The Blackhawks captain had the best numbers of his career in 2018-19, setting career-highs in goals (35), assists (46) and points (81). The only time Toews came close to this level of production was the shortened 2013 season, when he had 23 goals and 25 assists in 47 games.
Chicago’s power play improvement did help, with Toews notching nine goals and 14 assists on the man advantage, numbers he hadn’t hit since ‘10-11. But the most noticeable change was in shooting percentage. After posting numbers of 10.6 and 9.5 in the last two seasons, Toews’ shooting percentage soared up to 14.9, not far from his 14.1 career average. Combine that with 354 shots on goal — another career-best — and there’s the simple explanation for why Toews had such a turnaround season.
The analytics tell a stranger story.
The staunchest Toews supporters, in the last few seasons, have pointed to Toews’ positive metrics as indication that he was still performing at a high level but was victim of some unfortunate luck — at least somewhat corroborated by the decreases in shooting percentage. But all of Toews’ possession metrics regressed last season. The even-strength numbers from the last seasons are detailed in the chart below, with all data coming from Corsica:
Although the production on the front end improved, the majority of the numbers on the back end decreased. Toews had virtually identical zone starts in each of the last five seasons, and his possession metrics were typically some of the best on the team. Even the loss of linemate Marian Hossa after the ‘16-17 season didn’t hurt Toews’ analytics. There’s nothing in the above numbers that suggests Toews is due for a massive market correction next season. It’s not like the recent roller-coaster ride for Los Angeles Kings center Anze Kopitar, whose shooting percentage numbers went from 8.0 in ‘16-17 to an unsustainable 17.5 the following season before returning to 14.1 in the most recent season (career average of 12.7).
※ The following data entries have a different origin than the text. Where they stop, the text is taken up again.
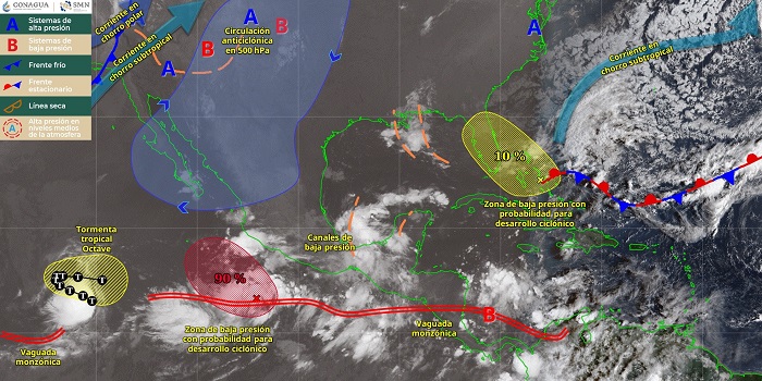 Para más información del ciclón tropical Octave en el océano Pacífico, consulta el aviso del Servicio Meteorológico Nacional en: https://smn.conagua.gob.mx/es/pronosticos/avisos/aviso-de-ciclon-tropical-en-el-oceano-pacifico
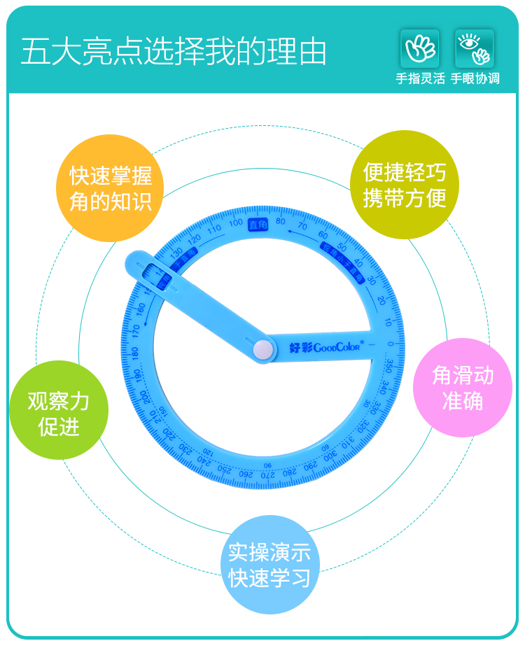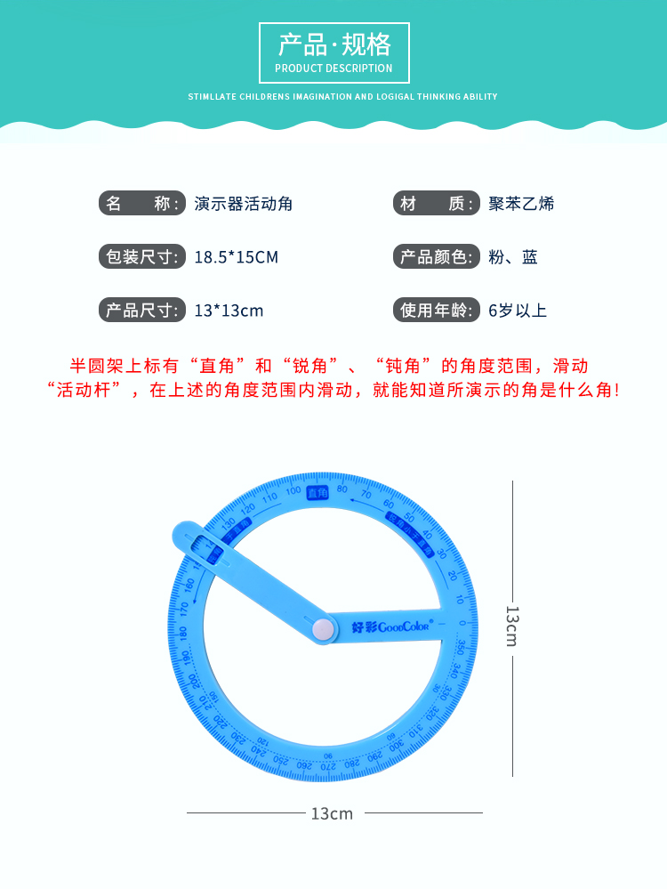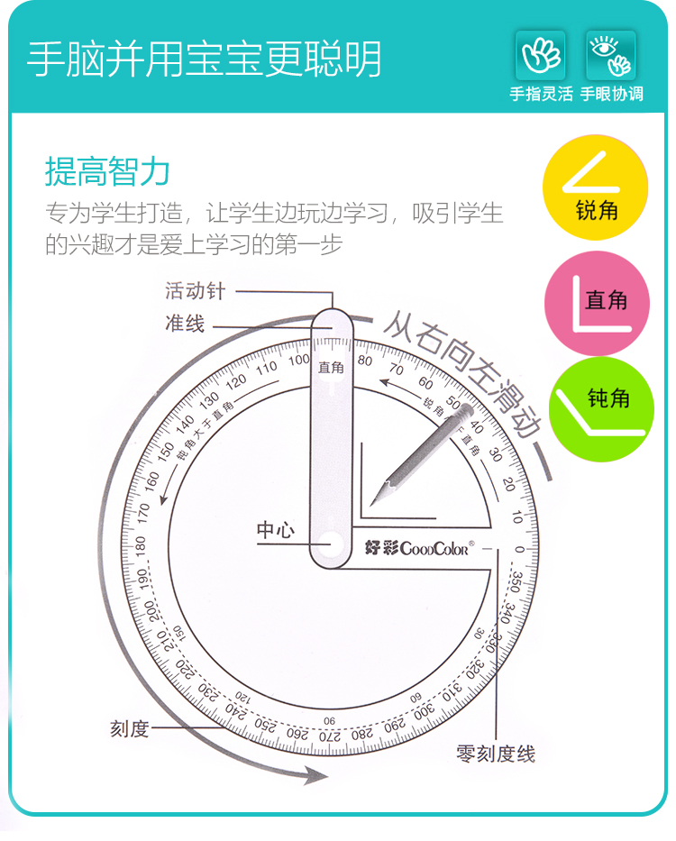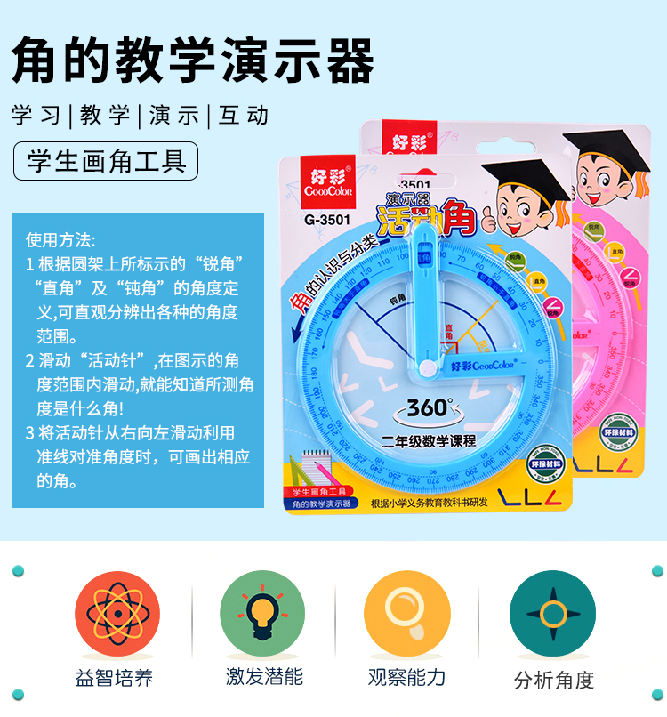 【大号活动角教具】小学生角尺子二年级角的初步认识学具直角锐角钝角演示器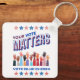 Colorful 2024 Democratic party election keychain features diverse raised hands with "your vote matters" and "Vote blue in 2024" text.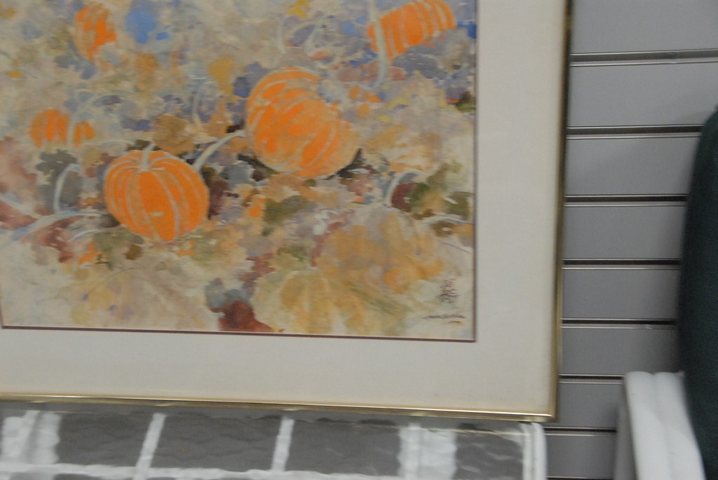 Lot 368: Two framed pieces oil on canvas of girl signed indistinctly lower right and watercolor of pumpkin signed lower right.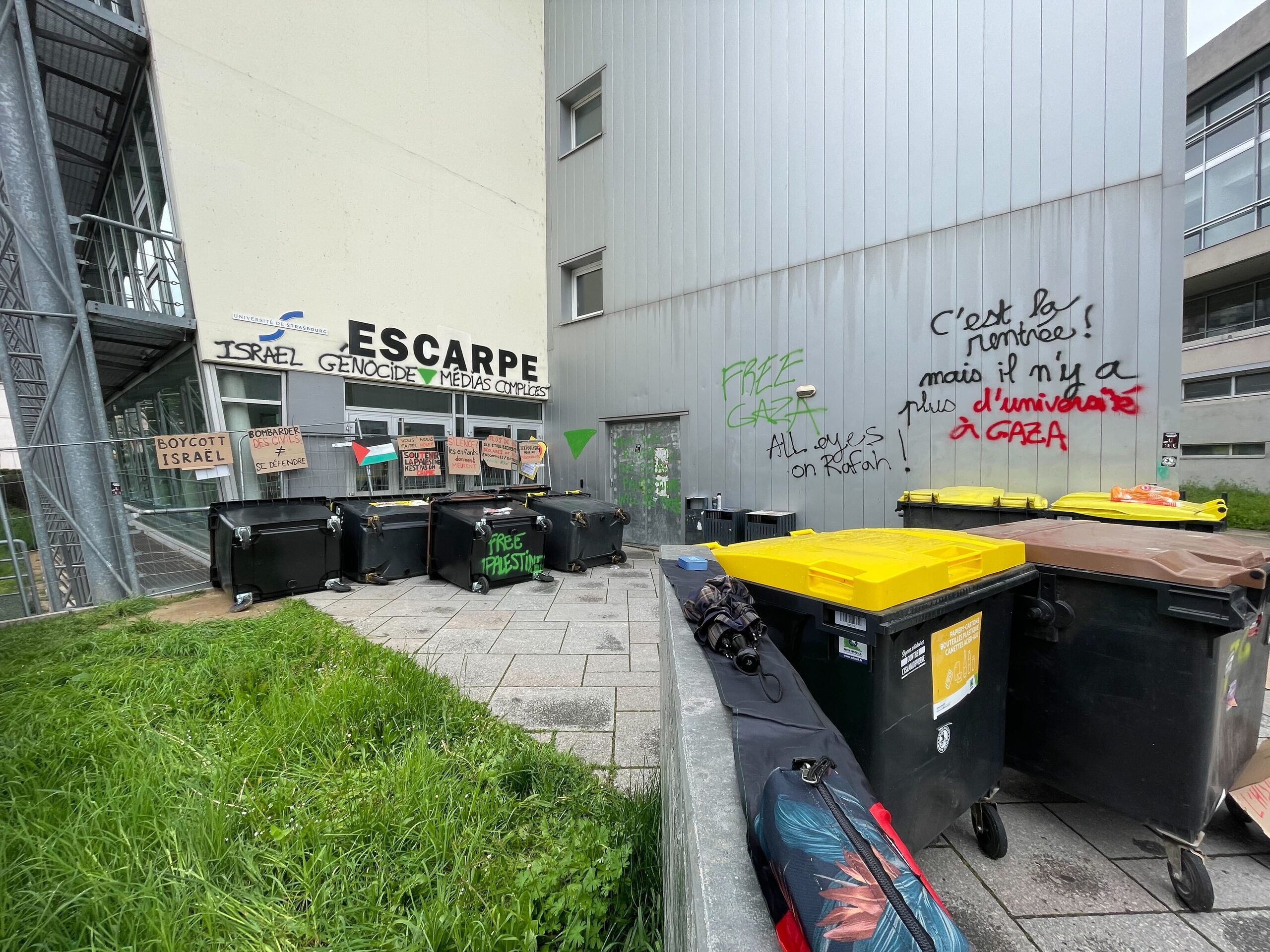 Lundi 6 mai, le bâtiment de l’Escarpe sur le campus de l’Esplanade de l’Université de Strasbourg est bloqué. Une trentaine d’étudiants empêchent d’y accéder pour demander un cessez-le-feu à Gaza. L’Escarpe abrite notamment le Centre universitaire d’enseignement du journalisme (Cuej). Après Sciences Po Strasbourg le 30 avril, c’est le deuxième blocage étudiant en soutien aux Palestiniens, bombardés par Israël depuis le 7 octobre 2023.

In fact, there’s an argument to be made that, should Toews improve his possession numbers next season and find a way to produce at the same rate, his numbers could be even better in the next 82 games. But let’s save that discussion for September.
One cause for concern
It’s a good thing Toews’ offensive numbers were so much better in ‘18-19, because one area of his defensive game cratered: the penalty kill. The numbers below detail Corsi events, shots, goals and expected goals against per 60 minutes of PK time, beginning with the ‘16-17 season and ending with ‘18-19:
- CA/60: 105.44, 104.95, 114.05
- SA/60: 58.36, 57.24, 69.05
- GA/60: 11.27, 9.06, 12.47
- xGA/60: 7.57, 7.59, 10.43
They all went up sharply last season, which means opponents were getting more chances, shots and goals on the PK while Toews was on the ice. And Toews’ numbers were among some of the worst in the league. Per Corsica’s data, among NHL forwards who played at least 50 minutes on the penalty kill last season, Toews’ CA/60 was 7th-worst, his SA/60 was 4th-worst, his GA/60 was 2nd-worst and his xGA/60 was the worst in the league. A few of Toews’ teammates pop up in the top 10 of those statistics, but Toews had the worst numbers in each category. That specific part of Toews’ game is the biggest area where he can improve in next season to help the Hawks get back to the playoffs.